The police chief of Austin Texas has become annoyed at pseudonymous bloggers and commenters, and plans to investigate, seek search warrants subpoenas, or sue for libel if this asshatery does not stop now.
The chief says:
“A lot of my people feel it is time to take these people on,” Acevedo said. “They understand the damage to the organization, and quite frankly, when people are willfully misleading and lying, they are pretty much cowards anyway because they are doing so under the cloak of anonymity.”
It is suspected that some of the nastiness is coming from departmental employees.
Last month, the chief got a twitter site shut down because it was pretending to be the police.
The situation in Austin is a little confusing because there is more than one thing going on at the same time. Apparently:
1) Allegations, some of which are very likely libelous, are being made.
2) Nasty things that are probably not libelous or otherwise against civil or criminal law are being said.

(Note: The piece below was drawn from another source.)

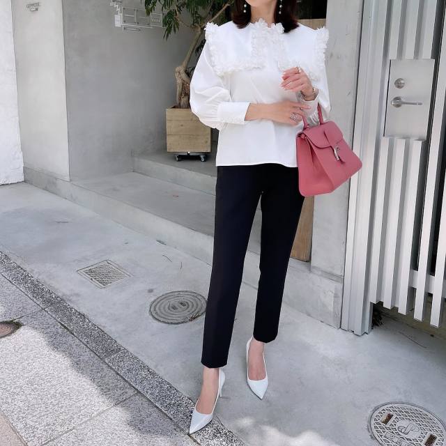 白ブラウス×黒パンツ×カラーバッグのコーデ

3) Some of the pseudonyms are “official” looking and seem to be impersonating individual police or departmental units, as in the twitter case.
4) Some of the pseudonyms seem to be combining numbers 1 and 3 … people are using the names of higher ups in the police department to make potentially libelous accusations.
Of course, the fact that there are distinctly different things going on has already been lost on those reporting it. It seems from the reports that this is all about pseudonymous commenters and bloggers, generally, and that they are ruining it for everyone in Austin and are all in deep trouble.
But we should not be surprised at all that the press and consumers of the press conflate these issues. Even some of the top pseudonymous bloggers who are out there busily defending pseudonymousness can’t seem to avoid conflating opinions and statements that people are making, taking any use of the word “pseudonym” as an anti-pseudonymous act regardless of what is actually being said, if the term is uttered by someone they have classified as “against” them. If that is the best those involved in the discussion of pseudonymity can do, we can’t expect much more from the Austin, Texas police, can we?